Als Erweiterung zu "Der Brand ..." empfiehlt Amazon dieses Buch (= welches wohl eher ein Sammelband der Sichtweisen "auch" dazu darstellt ...)

Lothar Kettenacker: Ein Volk von Opfern? Die neue Debatte um den Bombenkrieg 1940-45

Zitat

Kurzbeschreibung

Seit Jahren hat keine historische Debtte die Öffentlichkeit so stark beschäftigt wie die Kontroverse um die Rolle der Deutschen als Opfer im Zweiten Weltkrieg.
Die Leiden der Vertreibung und des Bombenkrieges sind erst seit kurzem Gegenstand einer öffentlichen Auseinandersetzung. Doch schon regt sich Widerstand:
Waren denn nicht Bombenkrieg und Vertreibung die gerechtfertigten Reaktionen auf den Angriffskrieg, der von Deutschland ausging?

Dieser Band versammelt die wichtigsten Beiträge führender Historiker, Publizisten und Schriftsteller aus England und Deutschland mit kontroversen Standpunkten und persönlichen Erfahrungen



Quelle: http://www.amazon.de/exec/obidos/ASIN/3871344826/ref=pd_bxgy_text_2/028-8598574-1658116
« Letzte Änderung: 15.06.06 (21:03) von merlin61 »
Optimismus ist ein Mangel an Information.
Ein Pessimist ist ein Optimist mit Erfahrung.

Hoover

  • Gast
Re: 'Der Brand' - Jörg Friedrich
« Antwort #11 am: 16.06.06 (00:21) »
Bei Amazon kann jeder eine Rezension schreiben. Also ist das bei Amazon nicht wirklich aussagekräftig.

Es ist bei den Rezensionen meistens: Ja oder nein. Mittel gibt es selten.

Zitat
Das heißt also du gehörst nicht zu den normalen Lesern? "Der Brand" lag den Briten schwer im Magen, es wurde rumlammentiert in der englischen Presse, ob den die Briten jetzt Kriegsverbrecher wären

Ja, ich habe mich verschrieben (kommt, weil ich ein Buch über Willy Brandt gelesen habe, das wirkt nach). "Der Brand" ist nun wirklich nichts Neues für den, der schon andere Literatur zu dem Thema gelesen hat.

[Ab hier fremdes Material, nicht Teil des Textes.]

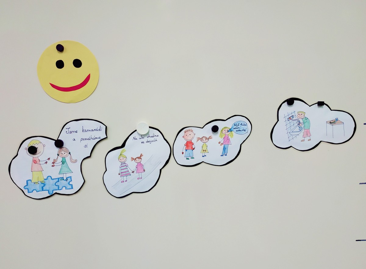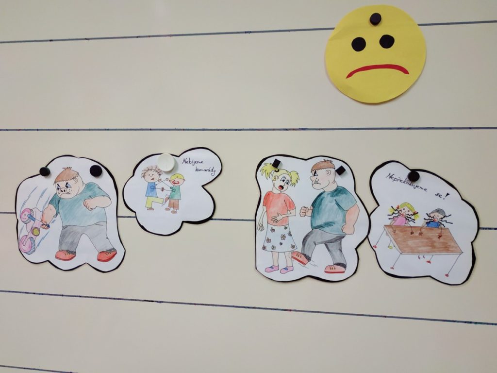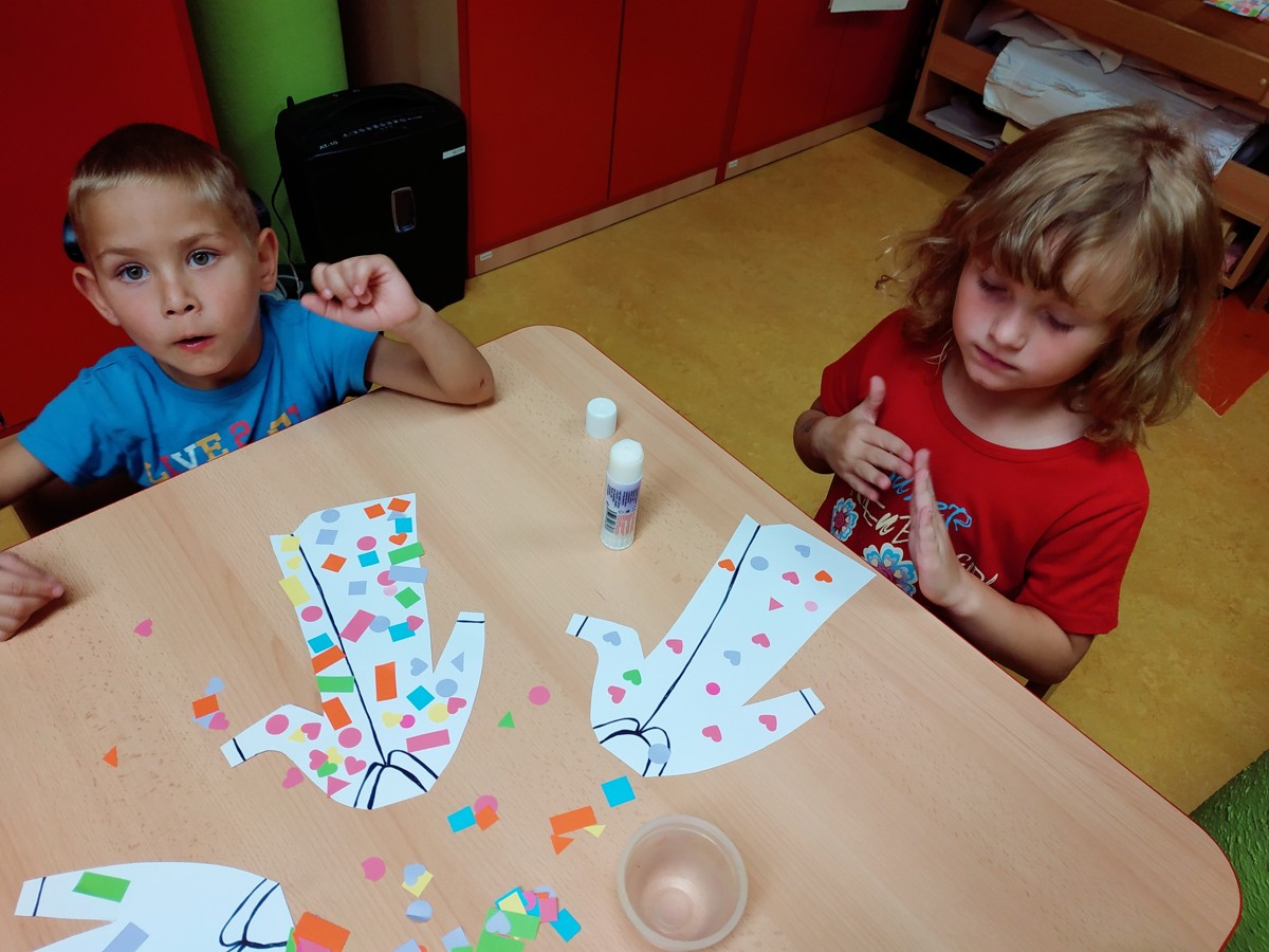 Děti pak společně přemýšlely nad různými situacemi na obrázcích, jestli se na nich děti chovají hezky nebo ne. Nakonec si každý tu svoji košilku ozdobil tak, jak se mu líbilo.
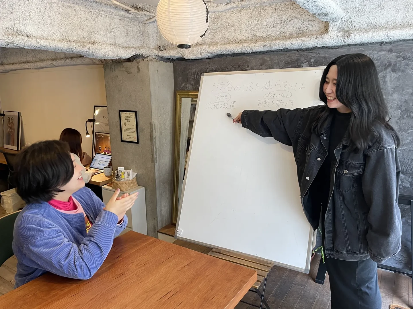 色々なテーマから企画を考え、なぜその企画を考えたのか新卒の二人で互いに質問をしあいながら企画のロジックを鍛えていくのが6W2Hの研修です!
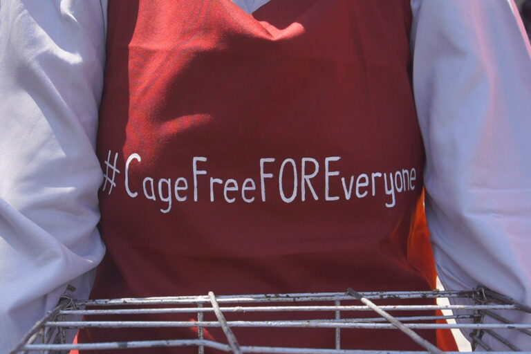 Aksi di Fore untuk mendesak mereka gunakan telur-telur dari kandang-kandang yang berpraktik baik seperti peternakan tanpa kandang. Foto: AFJ
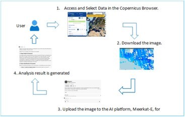 To demonstrate how AI can be used to analyse satellite imagery from the Copernicus Browser, the downloaded satellite image (Figure 1) was uploaded to a self-developed AI-powered chatbot, Meerkat E, for spatial analysis.

Nur zusätzliche Informationen. Daher halte cih es für überflüssig, dass Friedrich das Thema emotionalisiert. Aber es ist Geschmakchssache. ich war etwas enttäuscht, weil ich mir nach all der Aufregung mehr versprochen habe.

The Real Blaze

  • Gast
Re: 'Der Brand' - Jörg Friedrich
« Antwort #12 am: 16.06.06 (11:30) »
Für mich war das Buch eine gute Zusammenfassung, wenn auch längst nicht alle Bombenverbrechen der Alliierten aufgelistet waren. Da reicht ein Buch bei weiten nicht, nachdem was die auf deutsche Städte abgeladen haben. Zumindest war es aber immerhin den Engländern wert darüber öffentlich zu diskutieren, auch wenn es heute noch viele uneinsichtige Harris-Jünger gibt. Irgendwann wird es die große Maße begreifen, daß der alliierte Bombenkrieg gegen Zivilisten, Kirchen und Krankenhäuser abscheuliche Kriegsverbrechen im Namen der Demokratie waren. Die englische Spendenresonnanz beim Wiederaufbau der Frauenkirche zeigt, daß dort ein Umdenken im Gang ist.